Chapter Text
The first time they called Daenys a mad madwoman, she was only a child.
Her dreams had come on early and there was so much excitement among the family. A dragon dreamer meant so much and more than that, it proved they were better, that Targaryens were simply above the houses they ruled. Everyone listened so intently as she tried to recall all the details of each dream. It helped that she'd been right about a Blackfyre supporter lingering in court and attempting to garner enough support to repeat the whole affair.
But a nervous, mumbling girl is hardly someone to turn to for political advice. Especially, when all she can give is strange, cryptic visions of symbols rather than the legendary visions of her predecessor. If a second Doom was coming, all she would see is a cloud of ash or a crumbling map, certainly frightening but extremely unclear in what it actually portends or how to handle it.

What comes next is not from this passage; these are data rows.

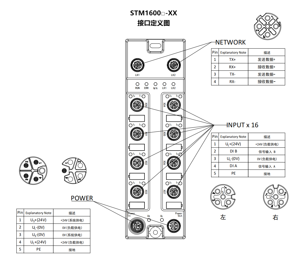 电源接口:Power In:1×M12,L-Code,4P针;Power Out:1×M12,L-Code,4P孔(最大电流16A)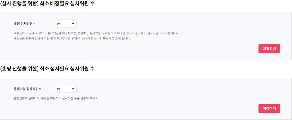 배정심사위원수는 총평가능 심사의견수와 동일하거나 적게 설정하여도 무관합니다.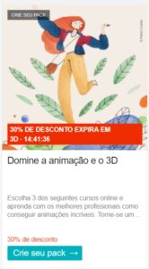 E não é só ser descontraído. No caso abaixo, o CTA usado pelo site Doméstika, uma plataforma de cursos voltados para a área digital e criativa, complementa a mensagem e incentiva o usuário de forma clara e simples: garantir um pacote de cursos.

She was waiting outside a council meeting when she heard some lord say it. She had stuttered out the vision from the previous night and gone to wait in the corridor for Father to take her back, nothing useful, a falling star that burns brightly and quickly leaving several more behind it that blink out one by one until only one remains. She could hear the frustrations of them all from behind the door and then one, she's not sure which, shouted “Why are we putting such stock in the ramblings of a madwoman in the making?” She also heard the way he was silenced.
But she knew he was right. Madness ran in her blood and she could feel it taking root within her.
And it only seemed to grow as she aged.
She was never the glorious figure she was named for.
Every dream she ever had left her screaming and rambling in the night. All the knowledge she was ever granted was the simple fact that tragedy was always due and there was no real way to prevent it meaningfully, but that was hardly something she needed a prophecy to know. Worst of all, it renders time meaningless. How can she not be mad when she feels like she’s seeing the world as it was, is, and will be all at once? Is madness not the loss of reality? Of connection to the world?
Besides, there’ll be at least one child labelled mad with how prodigiously the family has been breeding in recent years. It may as well be her.